▶ **TASK PROMPT**
Where a line in the entries below contains the word "plate", it counts; give the total by itself.

▶ **EXERCISE INPUT**
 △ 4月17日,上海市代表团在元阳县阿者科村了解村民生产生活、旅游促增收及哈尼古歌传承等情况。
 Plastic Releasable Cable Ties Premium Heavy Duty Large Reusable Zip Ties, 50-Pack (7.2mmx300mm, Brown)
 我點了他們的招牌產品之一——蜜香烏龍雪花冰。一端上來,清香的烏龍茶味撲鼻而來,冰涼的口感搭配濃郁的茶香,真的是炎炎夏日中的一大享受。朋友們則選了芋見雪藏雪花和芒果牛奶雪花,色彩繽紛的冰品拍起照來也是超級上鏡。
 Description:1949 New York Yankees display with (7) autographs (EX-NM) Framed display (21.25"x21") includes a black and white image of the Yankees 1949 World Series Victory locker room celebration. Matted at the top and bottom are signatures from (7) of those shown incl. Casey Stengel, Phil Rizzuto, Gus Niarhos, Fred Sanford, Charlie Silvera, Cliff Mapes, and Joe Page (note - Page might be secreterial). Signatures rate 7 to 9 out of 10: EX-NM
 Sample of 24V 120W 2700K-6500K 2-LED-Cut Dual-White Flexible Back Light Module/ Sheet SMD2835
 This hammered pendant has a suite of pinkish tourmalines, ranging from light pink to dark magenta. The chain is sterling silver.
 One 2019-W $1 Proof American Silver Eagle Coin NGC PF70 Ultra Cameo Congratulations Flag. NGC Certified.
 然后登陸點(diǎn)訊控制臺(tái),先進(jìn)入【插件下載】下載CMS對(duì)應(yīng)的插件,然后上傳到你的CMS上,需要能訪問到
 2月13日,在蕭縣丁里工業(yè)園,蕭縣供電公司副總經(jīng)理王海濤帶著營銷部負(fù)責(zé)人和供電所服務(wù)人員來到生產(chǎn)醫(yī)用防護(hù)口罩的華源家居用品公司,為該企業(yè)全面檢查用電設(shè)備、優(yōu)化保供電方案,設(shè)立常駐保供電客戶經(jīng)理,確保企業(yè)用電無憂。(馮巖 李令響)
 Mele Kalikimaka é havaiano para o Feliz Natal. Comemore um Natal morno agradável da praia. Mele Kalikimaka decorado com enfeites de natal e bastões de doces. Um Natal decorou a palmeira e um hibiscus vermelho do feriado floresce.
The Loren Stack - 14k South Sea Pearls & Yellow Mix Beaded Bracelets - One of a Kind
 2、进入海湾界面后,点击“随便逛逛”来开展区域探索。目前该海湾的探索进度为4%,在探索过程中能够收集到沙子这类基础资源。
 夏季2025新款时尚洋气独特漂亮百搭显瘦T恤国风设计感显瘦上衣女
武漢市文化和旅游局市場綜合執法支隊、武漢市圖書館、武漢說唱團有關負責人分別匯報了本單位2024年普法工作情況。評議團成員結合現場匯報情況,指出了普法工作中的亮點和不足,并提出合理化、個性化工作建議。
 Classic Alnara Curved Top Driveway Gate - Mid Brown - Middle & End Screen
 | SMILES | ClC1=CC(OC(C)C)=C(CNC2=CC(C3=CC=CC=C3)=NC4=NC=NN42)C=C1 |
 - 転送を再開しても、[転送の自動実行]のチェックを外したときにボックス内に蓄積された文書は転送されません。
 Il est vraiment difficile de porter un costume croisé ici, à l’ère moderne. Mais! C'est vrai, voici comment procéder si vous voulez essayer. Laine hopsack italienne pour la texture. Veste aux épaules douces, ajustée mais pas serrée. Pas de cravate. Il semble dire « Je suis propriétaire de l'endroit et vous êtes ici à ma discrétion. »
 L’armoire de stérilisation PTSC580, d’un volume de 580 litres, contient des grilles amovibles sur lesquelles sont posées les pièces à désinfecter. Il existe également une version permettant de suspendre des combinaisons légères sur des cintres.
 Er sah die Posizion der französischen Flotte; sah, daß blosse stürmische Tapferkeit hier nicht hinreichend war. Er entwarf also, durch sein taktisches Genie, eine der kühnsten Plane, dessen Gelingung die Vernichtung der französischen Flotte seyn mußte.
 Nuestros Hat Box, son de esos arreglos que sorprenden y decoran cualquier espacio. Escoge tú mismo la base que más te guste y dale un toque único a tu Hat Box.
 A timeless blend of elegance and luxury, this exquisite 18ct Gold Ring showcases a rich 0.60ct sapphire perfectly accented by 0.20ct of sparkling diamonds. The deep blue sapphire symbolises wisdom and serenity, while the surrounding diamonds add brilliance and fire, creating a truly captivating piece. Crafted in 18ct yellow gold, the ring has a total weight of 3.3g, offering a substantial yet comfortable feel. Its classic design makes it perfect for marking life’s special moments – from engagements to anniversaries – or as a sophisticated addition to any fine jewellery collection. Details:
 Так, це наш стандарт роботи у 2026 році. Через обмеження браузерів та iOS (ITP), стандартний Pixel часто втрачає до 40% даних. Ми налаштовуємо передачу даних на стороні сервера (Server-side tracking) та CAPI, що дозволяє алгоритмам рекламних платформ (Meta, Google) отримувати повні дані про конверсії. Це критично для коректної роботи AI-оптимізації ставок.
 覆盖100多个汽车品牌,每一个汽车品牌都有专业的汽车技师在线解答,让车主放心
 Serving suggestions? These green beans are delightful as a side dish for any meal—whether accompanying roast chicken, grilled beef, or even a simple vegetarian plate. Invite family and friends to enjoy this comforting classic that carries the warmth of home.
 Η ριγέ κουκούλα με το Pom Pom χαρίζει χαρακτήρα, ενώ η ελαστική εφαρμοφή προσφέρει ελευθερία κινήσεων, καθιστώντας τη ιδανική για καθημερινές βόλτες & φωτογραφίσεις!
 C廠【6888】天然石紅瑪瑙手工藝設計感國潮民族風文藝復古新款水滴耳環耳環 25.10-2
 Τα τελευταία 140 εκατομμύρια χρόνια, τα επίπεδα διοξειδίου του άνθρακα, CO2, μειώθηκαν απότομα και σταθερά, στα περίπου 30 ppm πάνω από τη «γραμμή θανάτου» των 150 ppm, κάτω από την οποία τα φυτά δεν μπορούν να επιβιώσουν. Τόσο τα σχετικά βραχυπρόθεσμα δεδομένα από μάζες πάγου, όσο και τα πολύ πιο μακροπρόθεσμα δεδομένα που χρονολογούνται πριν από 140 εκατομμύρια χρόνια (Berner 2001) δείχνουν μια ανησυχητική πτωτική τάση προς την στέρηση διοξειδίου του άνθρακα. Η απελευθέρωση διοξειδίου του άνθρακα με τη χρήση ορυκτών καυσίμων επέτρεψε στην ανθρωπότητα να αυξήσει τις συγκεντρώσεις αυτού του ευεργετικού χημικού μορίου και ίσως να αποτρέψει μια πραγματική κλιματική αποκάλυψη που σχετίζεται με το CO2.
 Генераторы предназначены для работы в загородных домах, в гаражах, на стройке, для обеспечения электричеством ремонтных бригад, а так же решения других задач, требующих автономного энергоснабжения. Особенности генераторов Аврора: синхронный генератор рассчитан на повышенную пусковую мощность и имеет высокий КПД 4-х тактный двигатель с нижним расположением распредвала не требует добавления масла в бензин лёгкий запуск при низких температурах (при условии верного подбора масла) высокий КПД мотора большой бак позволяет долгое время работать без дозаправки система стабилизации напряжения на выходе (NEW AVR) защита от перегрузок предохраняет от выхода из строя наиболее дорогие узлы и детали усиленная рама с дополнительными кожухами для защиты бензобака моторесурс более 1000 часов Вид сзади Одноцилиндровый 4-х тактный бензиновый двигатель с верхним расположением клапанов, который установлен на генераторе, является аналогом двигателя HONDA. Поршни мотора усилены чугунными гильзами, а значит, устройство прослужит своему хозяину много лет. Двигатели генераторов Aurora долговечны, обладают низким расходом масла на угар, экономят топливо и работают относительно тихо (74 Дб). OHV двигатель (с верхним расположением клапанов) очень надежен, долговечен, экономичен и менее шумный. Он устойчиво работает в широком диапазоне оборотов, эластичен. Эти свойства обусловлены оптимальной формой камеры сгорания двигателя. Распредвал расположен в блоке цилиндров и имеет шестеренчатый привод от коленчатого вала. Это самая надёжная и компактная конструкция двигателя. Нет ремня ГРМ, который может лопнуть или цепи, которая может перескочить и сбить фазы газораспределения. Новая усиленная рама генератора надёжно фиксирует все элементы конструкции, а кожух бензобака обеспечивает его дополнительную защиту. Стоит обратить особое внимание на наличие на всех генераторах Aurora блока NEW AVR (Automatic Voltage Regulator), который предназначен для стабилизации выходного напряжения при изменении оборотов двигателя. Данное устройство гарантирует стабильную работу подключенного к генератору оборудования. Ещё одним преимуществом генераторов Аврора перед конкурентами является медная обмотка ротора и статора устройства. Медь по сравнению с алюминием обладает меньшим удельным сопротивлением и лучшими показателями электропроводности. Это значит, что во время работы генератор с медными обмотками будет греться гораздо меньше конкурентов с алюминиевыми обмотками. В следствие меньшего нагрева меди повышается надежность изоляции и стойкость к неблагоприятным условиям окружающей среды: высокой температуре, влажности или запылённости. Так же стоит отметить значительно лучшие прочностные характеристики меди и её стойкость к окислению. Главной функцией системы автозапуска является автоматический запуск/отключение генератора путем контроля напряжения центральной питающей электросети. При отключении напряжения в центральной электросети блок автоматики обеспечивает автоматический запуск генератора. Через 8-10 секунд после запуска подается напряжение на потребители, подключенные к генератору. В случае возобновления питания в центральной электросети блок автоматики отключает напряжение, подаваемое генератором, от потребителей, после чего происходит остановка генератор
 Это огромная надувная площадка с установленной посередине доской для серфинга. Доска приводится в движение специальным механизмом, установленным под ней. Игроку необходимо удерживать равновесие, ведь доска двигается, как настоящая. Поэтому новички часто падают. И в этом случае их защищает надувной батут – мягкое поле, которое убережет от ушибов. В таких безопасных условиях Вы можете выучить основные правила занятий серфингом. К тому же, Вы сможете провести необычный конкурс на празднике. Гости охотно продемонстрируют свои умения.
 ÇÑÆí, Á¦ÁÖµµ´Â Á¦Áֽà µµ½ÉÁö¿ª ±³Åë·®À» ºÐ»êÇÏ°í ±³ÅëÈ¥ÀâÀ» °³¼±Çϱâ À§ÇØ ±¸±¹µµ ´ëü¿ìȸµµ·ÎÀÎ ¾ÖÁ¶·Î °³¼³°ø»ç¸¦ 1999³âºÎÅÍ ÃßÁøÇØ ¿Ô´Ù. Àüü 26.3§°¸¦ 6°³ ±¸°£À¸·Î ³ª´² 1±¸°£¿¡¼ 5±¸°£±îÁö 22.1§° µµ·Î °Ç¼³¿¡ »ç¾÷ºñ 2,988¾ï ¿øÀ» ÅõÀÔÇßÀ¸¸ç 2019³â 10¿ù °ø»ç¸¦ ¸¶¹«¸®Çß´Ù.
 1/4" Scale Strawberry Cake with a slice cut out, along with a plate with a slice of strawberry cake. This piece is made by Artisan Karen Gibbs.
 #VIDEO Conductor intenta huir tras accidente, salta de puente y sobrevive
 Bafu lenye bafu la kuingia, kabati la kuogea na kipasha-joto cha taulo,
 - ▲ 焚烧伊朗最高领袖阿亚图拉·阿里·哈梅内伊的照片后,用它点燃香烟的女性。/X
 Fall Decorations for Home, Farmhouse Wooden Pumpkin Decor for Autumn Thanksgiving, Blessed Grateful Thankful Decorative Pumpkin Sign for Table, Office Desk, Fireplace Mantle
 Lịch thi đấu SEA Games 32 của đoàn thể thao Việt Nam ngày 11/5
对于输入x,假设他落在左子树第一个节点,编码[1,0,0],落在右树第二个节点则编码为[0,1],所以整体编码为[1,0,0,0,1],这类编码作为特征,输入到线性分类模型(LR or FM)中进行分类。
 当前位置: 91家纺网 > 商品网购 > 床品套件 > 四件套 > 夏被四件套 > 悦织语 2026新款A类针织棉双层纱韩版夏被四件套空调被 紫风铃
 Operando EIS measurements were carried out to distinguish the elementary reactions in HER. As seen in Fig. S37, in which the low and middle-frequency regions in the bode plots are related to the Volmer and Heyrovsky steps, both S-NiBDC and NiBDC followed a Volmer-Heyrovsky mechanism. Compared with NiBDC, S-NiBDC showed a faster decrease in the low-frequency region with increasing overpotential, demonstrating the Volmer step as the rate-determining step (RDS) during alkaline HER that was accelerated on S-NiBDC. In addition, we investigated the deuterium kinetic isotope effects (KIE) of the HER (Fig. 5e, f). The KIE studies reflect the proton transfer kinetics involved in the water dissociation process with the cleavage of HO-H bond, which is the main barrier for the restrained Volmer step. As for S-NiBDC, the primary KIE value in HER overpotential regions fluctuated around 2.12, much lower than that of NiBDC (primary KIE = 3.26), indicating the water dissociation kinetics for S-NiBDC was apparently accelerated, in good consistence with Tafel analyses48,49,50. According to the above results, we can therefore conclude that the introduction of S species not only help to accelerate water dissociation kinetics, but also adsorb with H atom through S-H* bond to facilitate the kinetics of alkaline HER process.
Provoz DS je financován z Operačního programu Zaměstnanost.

▶ **RESULT OF THIS EXERCISE**
2